Start of DATA UNDER STUDY

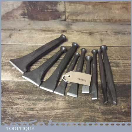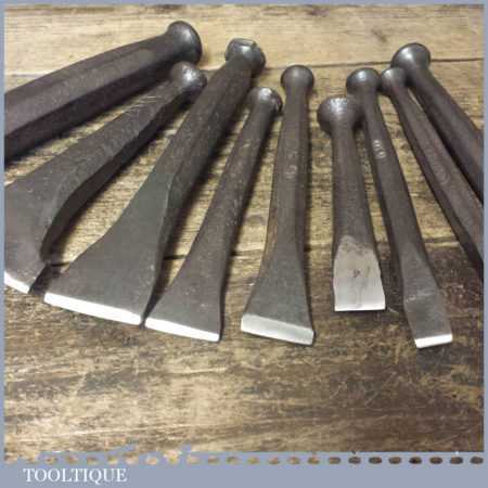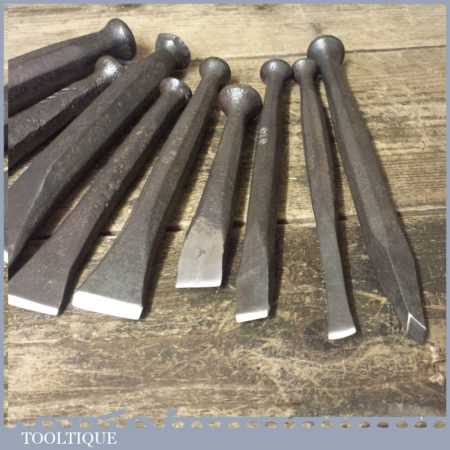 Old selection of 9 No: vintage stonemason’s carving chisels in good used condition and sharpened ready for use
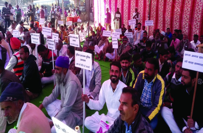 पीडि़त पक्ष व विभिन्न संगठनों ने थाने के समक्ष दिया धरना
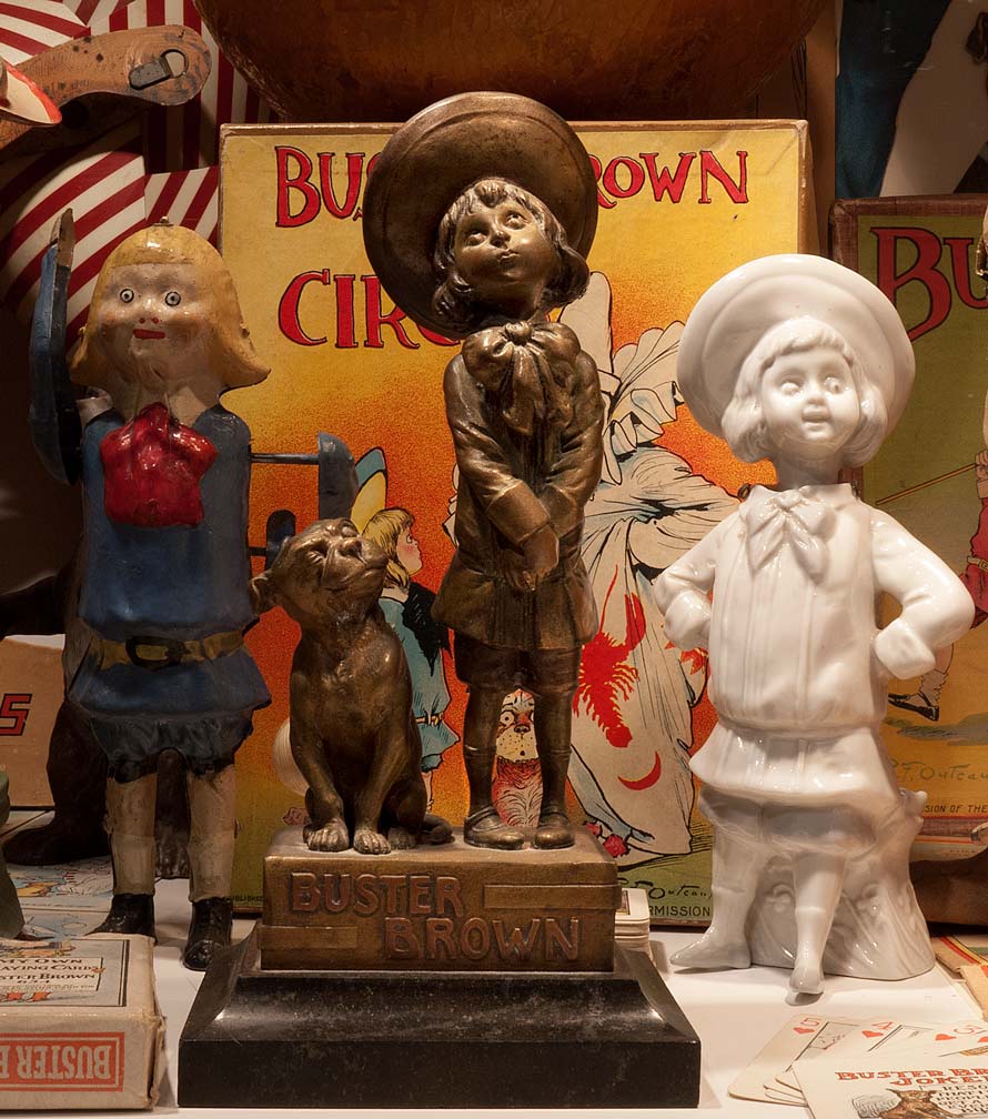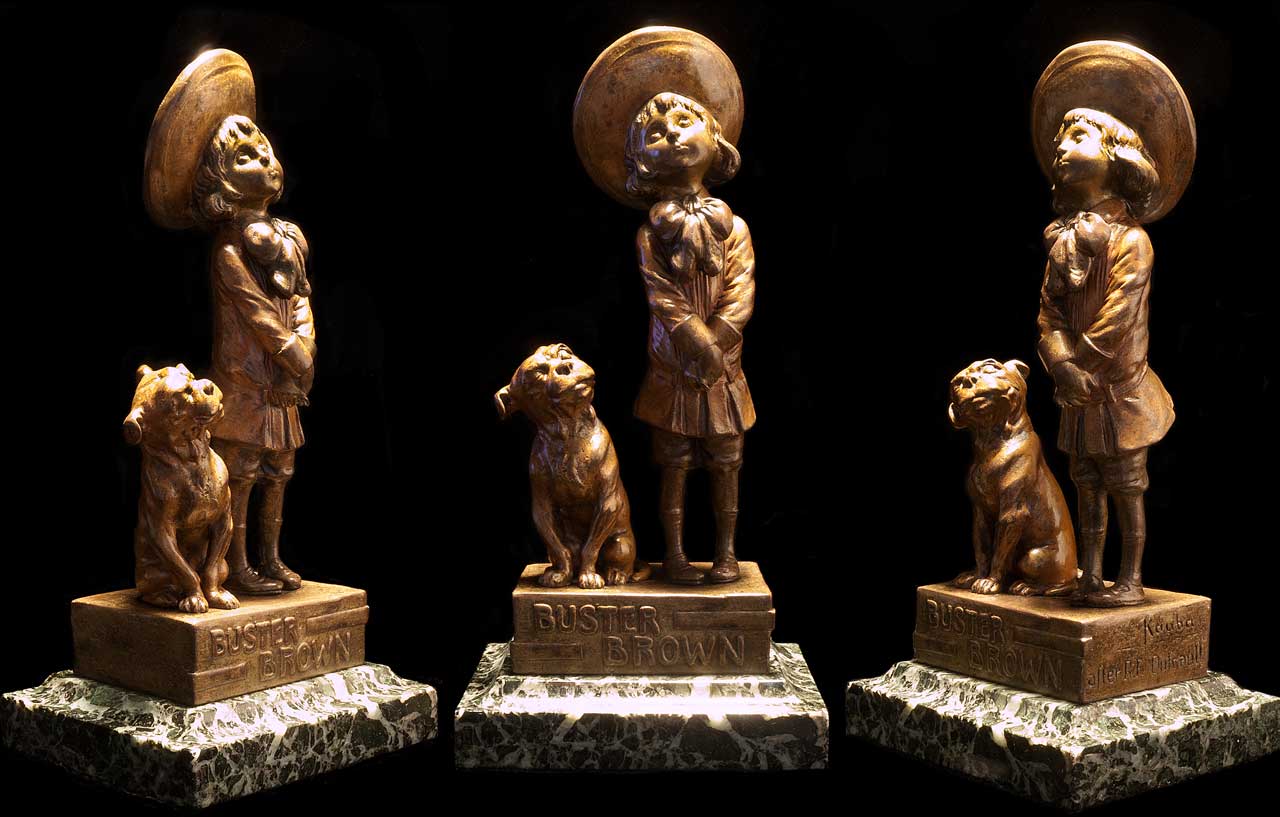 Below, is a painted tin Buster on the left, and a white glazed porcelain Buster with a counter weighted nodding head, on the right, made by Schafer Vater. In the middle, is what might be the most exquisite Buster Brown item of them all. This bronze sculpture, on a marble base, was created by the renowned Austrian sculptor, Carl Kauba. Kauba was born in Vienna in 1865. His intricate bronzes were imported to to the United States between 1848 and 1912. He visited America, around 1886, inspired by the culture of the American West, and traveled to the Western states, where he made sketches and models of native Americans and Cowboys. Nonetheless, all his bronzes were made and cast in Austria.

End of DATA UNDER STUDY
Start of DATA UNDER STUDY

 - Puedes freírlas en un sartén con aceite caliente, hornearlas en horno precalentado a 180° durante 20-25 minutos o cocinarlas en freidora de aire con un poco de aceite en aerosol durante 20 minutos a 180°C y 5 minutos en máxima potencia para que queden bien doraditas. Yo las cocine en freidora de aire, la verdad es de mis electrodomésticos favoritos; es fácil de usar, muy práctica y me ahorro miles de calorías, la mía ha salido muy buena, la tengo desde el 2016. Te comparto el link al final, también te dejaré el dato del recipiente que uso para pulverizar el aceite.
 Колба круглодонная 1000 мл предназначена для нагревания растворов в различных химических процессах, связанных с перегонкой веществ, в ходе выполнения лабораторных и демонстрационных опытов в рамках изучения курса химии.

End of DATA UNDER STUDY

Set down, exactly as written above, each line from the one with "पीडि़त पक्ष व" through the one with "Below, is a", and skip the pictures.

 पीडि़त पक्ष व विभिन्न संगठनों ने थाने के समक्ष दिया धरना
 Below, is a painted tin Buster on the left, and a white glazed porcelain Buster with a counter weighted nodding head, on the right, made by Schafer Vater. In the middle, is what might be the most exquisite Buster Brown item of them all. This bronze sculpture, on a marble base, was created by the renowned Austrian sculptor, Carl Kauba. Kauba was born in Vienna in 1865. His intricate bronzes were imported to to the United States between 1848 and 1912. He visited America, around 1886, inspired by the culture of the American West, and traveled to the Western states, where he made sketches and models of native Americans and Cowboys. Nonetheless, all his bronzes were made and cast in Austria.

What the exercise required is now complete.